**Problem to solve:** The expected output is an exact copy of the lines from the one containing "Exclusive to One" to the final line below, minus any pictures.

** Opening Raw data block **

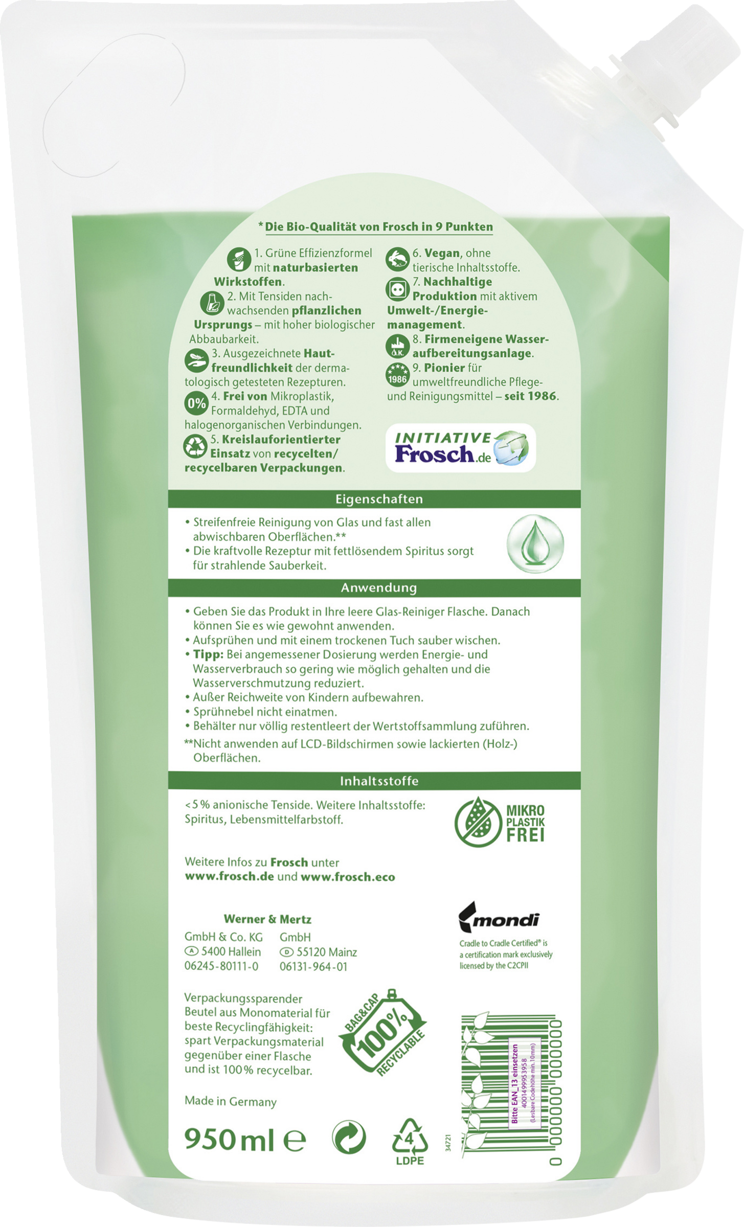 Frosch Spirit Glass Cleaner rengør glas, bilruder og næsten alle glatte overflader uden striber. Takket være formlen med den dokumenterede, effektive og aktivt fedtopløsende alkohol fjerner den fedt, støv, hårspray-rester og makeup fra dem og efterlader samtidigt en stribefri glans og strålende renhed.
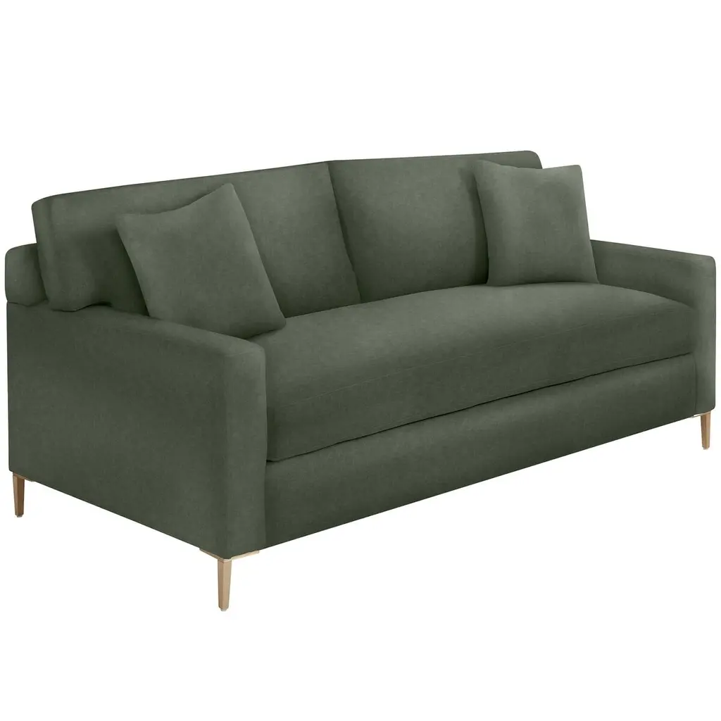 Exclusive to One Kings Lane: Defined by its crisp lines and brass leg design, this stylish loveseat embodies a sleek, Scandinavian-inspired look. It is upholstered in Crypton velvet--an eco-friendly high-performance fabric--which repels stains, spills, bacteria, and mold. Constructed of an engineered hardwood-laminate frame, eight-way hand-tied suspension system, and a spring foam cushion with down-proof ticking ensure long-lasting comfort and support. Each piece is handcrafted by skilled artisans in High Point, NC and offers a lifetime warranty on the frame and suspension system and a limited lifetime warranty on the seat cushion.
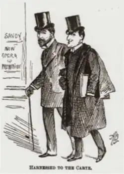 With F. C. Burnand, Solomon wrote Pickwick (1889), which also had a run in 1894,[10] Domestic Economy (1890), and "The Tiger" (1890). Burnand's contribution to the last of these was so unacceptable that the work was hissed off the stage on its opening night.[11] Pickwick was recorded by Retrospect Opera in 2016, together with George Grossmith's Cups and Saucers.[12]
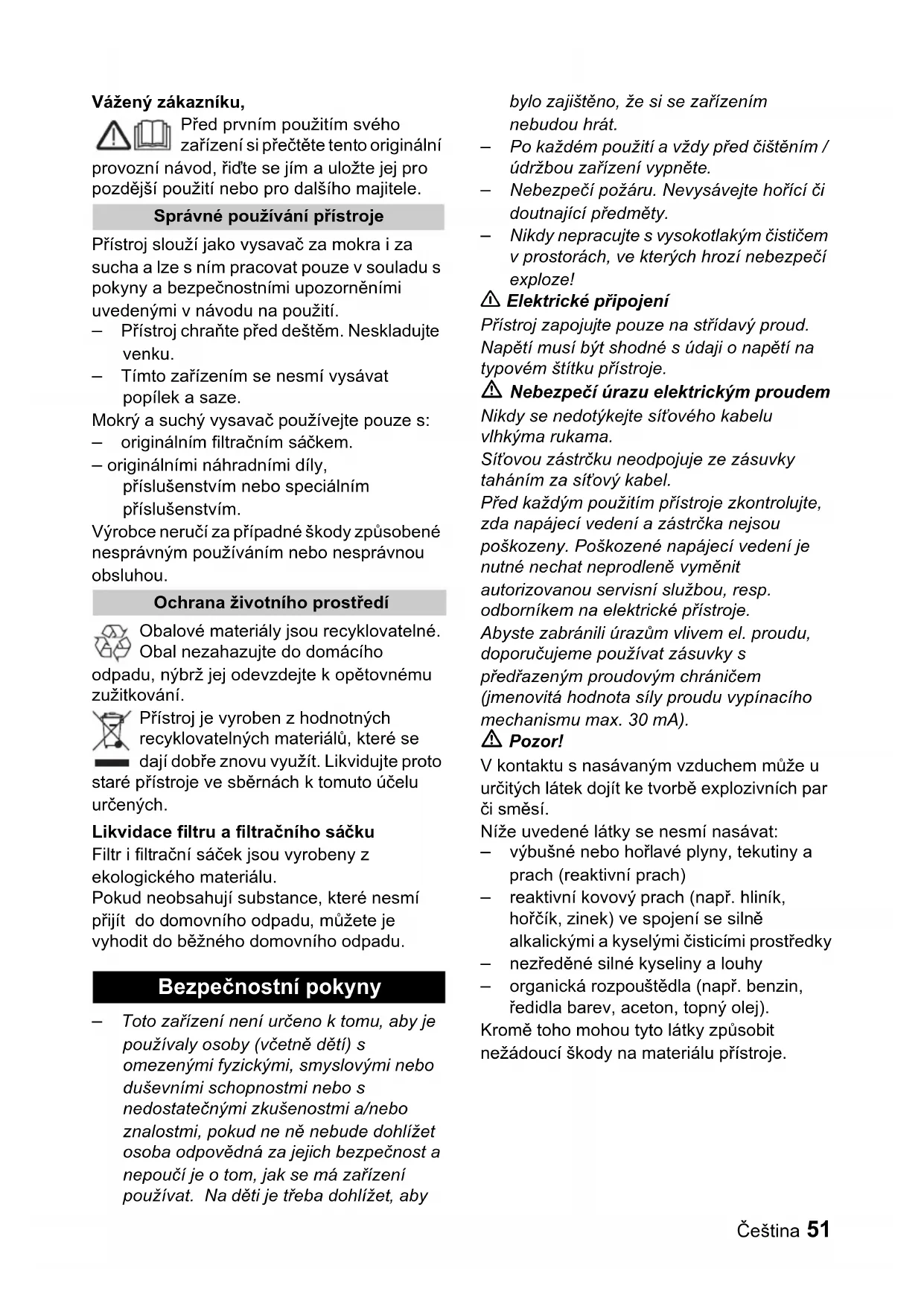 A 2254 ME - Vysavač Kärcher - Bezplatný návod k obsluze

** Closing Raw data block **

**Solution to this task:**
 Exclusive to One Kings Lane: Defined by its crisp lines and brass leg design, this stylish loveseat embodies a sleek, Scandinavian-inspired look. It is upholstered in Crypton velvet--an eco-friendly high-performance fabric--which repels stains, spills, bacteria, and mold. Constructed of an engineered hardwood-laminate frame, eight-way hand-tied suspension system, and a spring foam cushion with down-proof ticking ensure long-lasting comfort and support. Each piece is handcrafted by skilled artisans in High Point, NC and offers a lifetime warranty on the frame and suspension system and a limited lifetime warranty on the seat cushion.
 With F. C. Burnand, Solomon wrote Pickwick (1889), which also had a run in 1894,[10] Domestic Economy (1890), and "The Tiger" (1890). Burnand's contribution to the last of these was so unacceptable that the work was hissed off the stage on its opening night.[11] Pickwick was recorded by Retrospect Opera in 2016, together with George Grossmith's Cups and Saucers.[12]
 A 2254 ME - Vysavač Kärcher - Bezplatný návod k obsluze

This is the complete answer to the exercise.